● Dataset entries:

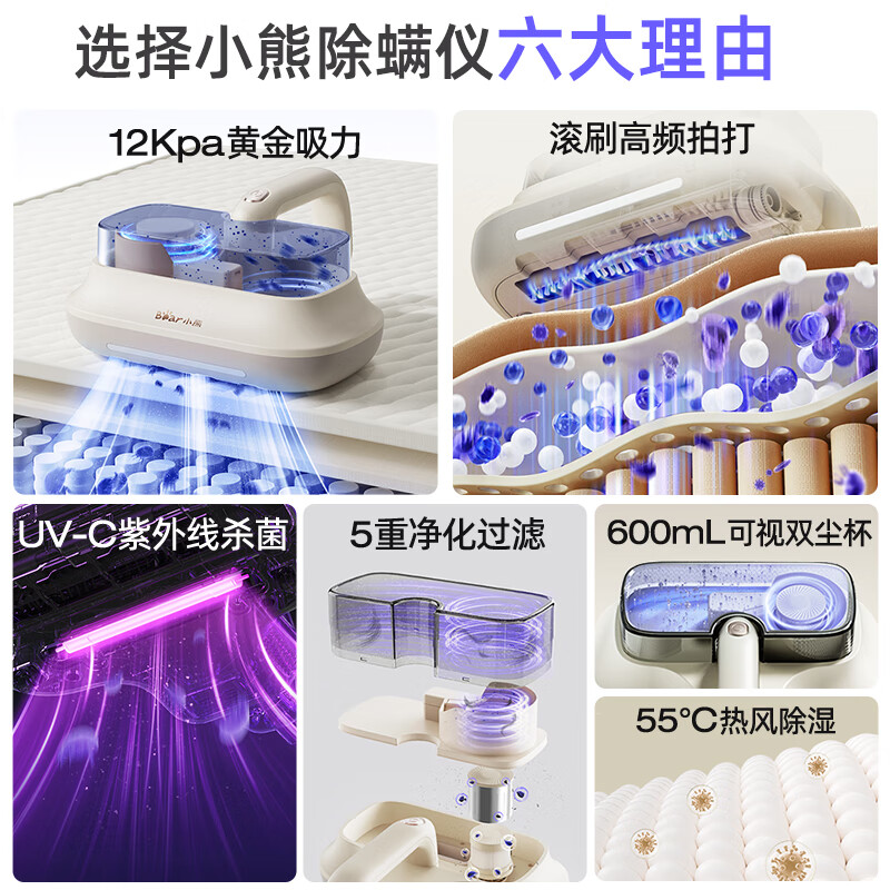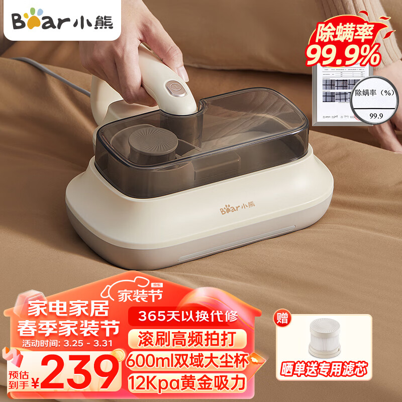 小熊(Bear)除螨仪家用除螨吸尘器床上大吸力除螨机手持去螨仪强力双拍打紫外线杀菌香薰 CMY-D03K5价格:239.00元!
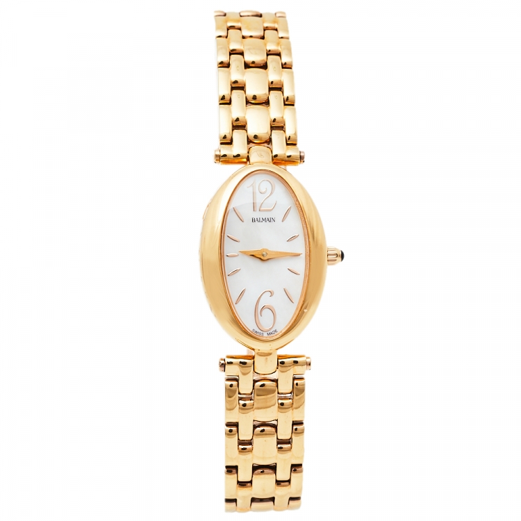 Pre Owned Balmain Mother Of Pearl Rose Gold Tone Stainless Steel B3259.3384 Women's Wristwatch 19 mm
* * *
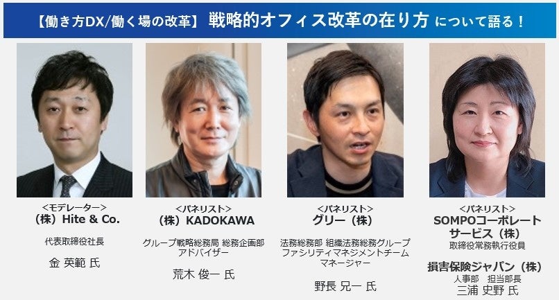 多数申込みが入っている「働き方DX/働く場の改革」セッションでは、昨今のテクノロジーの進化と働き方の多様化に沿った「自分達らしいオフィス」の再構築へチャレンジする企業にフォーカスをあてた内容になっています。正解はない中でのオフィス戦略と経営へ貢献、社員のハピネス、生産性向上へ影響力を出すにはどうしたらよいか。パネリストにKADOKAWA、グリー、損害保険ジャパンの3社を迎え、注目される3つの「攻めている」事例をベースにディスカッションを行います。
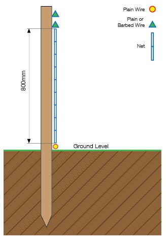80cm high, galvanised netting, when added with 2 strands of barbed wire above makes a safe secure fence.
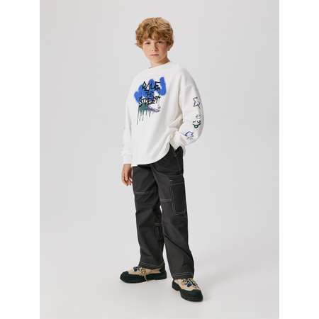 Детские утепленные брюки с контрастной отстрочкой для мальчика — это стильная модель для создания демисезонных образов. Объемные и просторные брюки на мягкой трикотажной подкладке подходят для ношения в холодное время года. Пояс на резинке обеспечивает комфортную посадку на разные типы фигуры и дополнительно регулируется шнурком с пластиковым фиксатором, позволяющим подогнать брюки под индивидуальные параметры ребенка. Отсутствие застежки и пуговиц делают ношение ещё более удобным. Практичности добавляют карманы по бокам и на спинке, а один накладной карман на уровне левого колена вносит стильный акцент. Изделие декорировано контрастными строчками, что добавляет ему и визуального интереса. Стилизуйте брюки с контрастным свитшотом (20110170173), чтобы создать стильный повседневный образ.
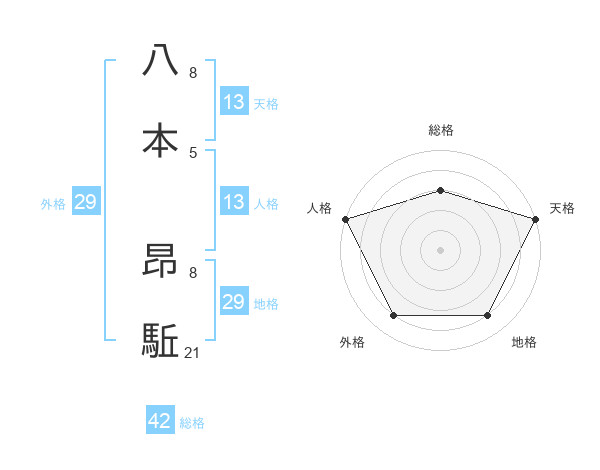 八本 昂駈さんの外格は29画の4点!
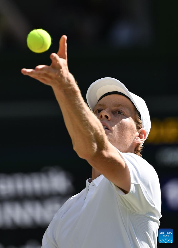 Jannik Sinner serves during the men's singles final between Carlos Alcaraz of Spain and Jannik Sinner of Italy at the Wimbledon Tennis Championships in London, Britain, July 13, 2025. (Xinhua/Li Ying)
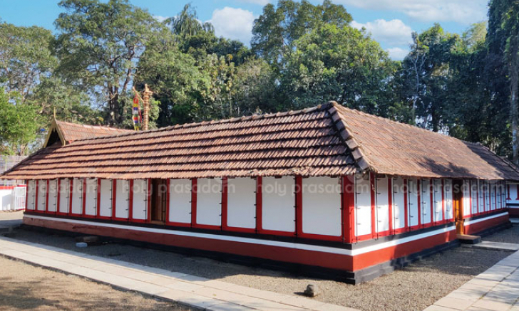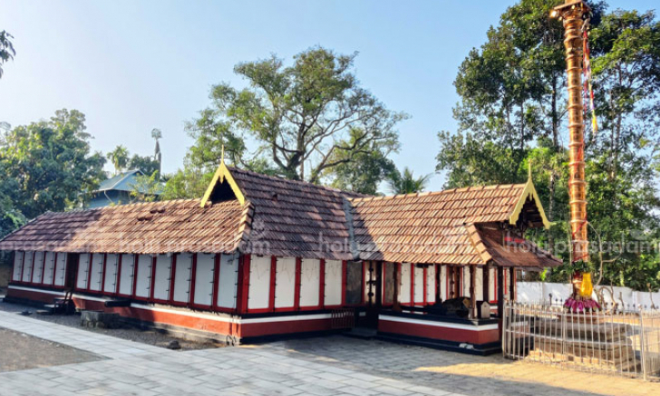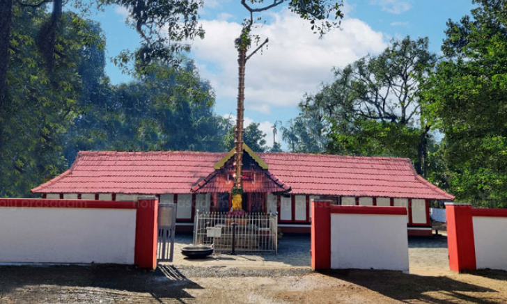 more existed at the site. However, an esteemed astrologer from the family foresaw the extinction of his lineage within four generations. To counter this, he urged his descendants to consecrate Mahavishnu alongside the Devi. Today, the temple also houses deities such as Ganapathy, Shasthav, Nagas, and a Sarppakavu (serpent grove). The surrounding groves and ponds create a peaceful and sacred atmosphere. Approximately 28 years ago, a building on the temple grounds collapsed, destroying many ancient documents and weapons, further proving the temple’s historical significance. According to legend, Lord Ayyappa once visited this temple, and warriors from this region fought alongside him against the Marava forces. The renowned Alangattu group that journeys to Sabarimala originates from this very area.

● Task item:
For this exercise, set down the lines in the entries above from the one with "小熊(Bear)除螨仪家用除" through the one with "Pre Owned Balmain" exactly as written, without any pictures.

● Problem solution:
 小熊(Bear)除螨仪家用除螨吸尘器床上大吸力除螨机手持去螨仪强力双拍打紫外线杀菌香薰 CMY-D03K5价格:239.00元!
 Pre Owned Balmain Mother Of Pearl Rose Gold Tone Stainless Steel B3259.3384 Women's Wristwatch 19 mm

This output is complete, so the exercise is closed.